Regarding original Claim 4, 
Cheng in view of Benware teaches
(Original) The method of claim 1, further comprising generating the supervised learning model, including by: 
accessing the training dies, wherein each training die has been injected with a given root cause to actually cause a scan test failure (Examiner’s note: As indicated earlier, Benware teaches simulating defect responses for a population of created diagnosis reports by injecting a root cause (such as a critical area short), and analyzing these reports using a root cause deconvolution (RCD) method, where each created diagnosis report contains failure information detected by scan testing on a tester for a defective die (Benware p.9 col.2 5th paragraph-p.10 col.1 1st paragraph (Layout-aware diagnosis) and p.14 col.1-p.15 col.1 (Results from simulated defect experiments).); 
generating diagnosis reports for each of the training dies (Examiner’s note: As indicated earlier, Benware teaches simulating defect responses for a population of created diagnosis reports, where each created diagnosis report contains failure information detected by scan testing on a tester for a defective die (Benware p.9 col.2 5th paragraph-p.10 col.1 1st paragraph (Layout-aware diagnosis) and p.14 col.1-p.15 col.1 (Results from simulated defect experiments).); 
computing, through the local phase of a volume diagnosis procedure, the training probability distributions from the diagnosis reports, each of the training probability distributions respectively corresponding to one of the training dies (Examiner’s note: As indicated earlier, Cheng teaches creating a Bayesian network model by first determining a probability P(r) (i.e., the probability of one diagnosis report) based on a distribution of probabilities including identifying all mutually exclusive and independent root causes P(c) that are associated with specific defects and various identified faults for an individual failed IC associated with the single diagnosis report (Cheng p.2 col.1 last paragraph-col.2 4th paragraph (Section II. Volume Diagnosis Model).

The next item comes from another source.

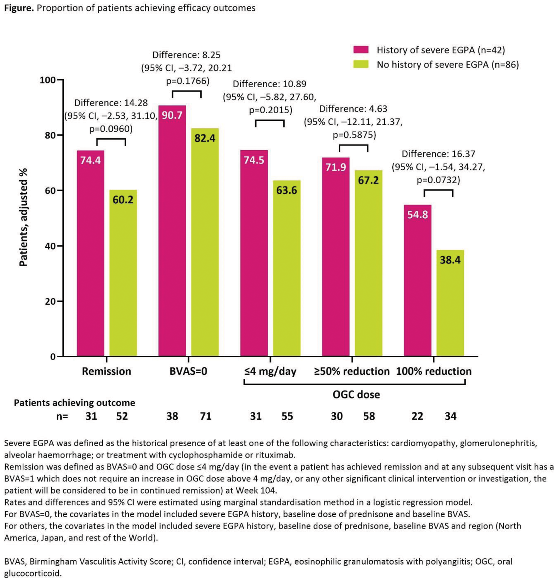 Results: Of 128 patients who entered the OLE, 42 (32.8%) had a history of severe EGPA (24 benra/benra, 18 mepo/benra) and 86 (67.2%) had no history of severe EGPA (42 benra/benra, 44 mepo/benra). A higher proportion of patients with a history of severe disease received non-OGC immunosuppressive therapy since diagnosis (severe EGPA: 32 [76.2%], non-severe EGPA: 45 [52.3%]) and had 3–5 relapses (severe EGPA: 14 [33.3%], non-severe EGPA: 12 [14.0%]) in the two years before study entry. A similar proportion of patients in both groups were ANCA-positive (severe EGPA: 12 [28.6%], non-severe EGPA: 23 [26.7%]). Similar adjusted rates of remission were achieved at Week 104 regardless of history of disease severity (severe EGPA: 74.4%, non-severe EGPA: 60.2%; difference: 14.28 [95% confidence interval (CI): –2.53, 31.10], p=0.0960; Figure 1). The adjusted rates for achieving remission by Week 24 and remaining in remission until Week 104 were also similar between groups (severe EGPA: 28.9%, non-severe EGPA: 20.9%; difference: 7.98 [95% CI: –7.52, 23.47], p=0.3129). During Weeks 101–104, a similar proportion of patients in the severe and non-severe EGPA groups had a ≥50% reduction from baseline in OGC dose (severe EGPA: 71.9%, non-severe EGPA: 67.2%; difference: 4.63 [95% CI: –12.11, 21.37], p=0.5875) and 54.8% versus 38.4%, respectively, had full withdrawal of OGCs (difference: 16.37 [95% CI: –1.54, 34.27), p=0.0732). Adverse events and serious adverse events were similar between groups regardless of disease severity (Table 1).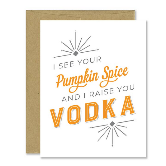 "I See Your Pumpkin Spice and I Raise You Vodka" - Fall Greeting Card

This computing and creation of a Bayesian network model taught in Chen is functionally analogous to the computing and creation of a Bayesian network model taught in Benware, where Benware also teaches modelling the Bayesian network through determination of probabilities for the root causes and associated suspect defects as part of the root cause deconvolution method involving a EM algorithm performing a most-likelihood estimation, where the defect information for determining these probabilities are also retrieved from the created diagnosis reports (Benware p.10 Figure 1; p.11 Figure 2; and p.11 col.1-p.12 col.2 (Creating the diagnosis Bayes net)).); 
labeling each of the training probability distributions with the given root cause for the training die corresponding to the training probability distribution, the given root cause indicative of the actual root cause for the training probability distribution (Examiner’s note: As indicated earlier, Benware teaches performing experiments based on simulated defect responses using the RCD method (Benware p.10 Figure 1), where the experiments involve creating a population of diagnosis reports and analyzing them using the RCD method for a root cause distribution with only a single root cause specified, where this specifying of a single root cause for a root cause distribution associated with a diagnosis report (containing defect information associated with possible root causes) is a form of labeling (Benware p.14 col.1-p.15 col.1 (Results from simulated defect experiments)).); and 
providing, as the training set, the labeled training probability distributions to train the supervised learning model (Examiner’s note: As indicated earlier, Benware teaches simulating defect responses for a population of created diagnosis reports by injecting a root cause, and analyzing these reports using the RCD method, where using the created Bayesian network model to analyze these reports to learn the probability parameters in the Bayesian network model is a part of the RCD analysis (Benware p.9 col.2 5th paragraph-p.10 col.1 1st paragraph (Layout-aware diagnosis) and Benware p.14 col.1-p.15 col.1 (Results from simulated defect experiments)).).  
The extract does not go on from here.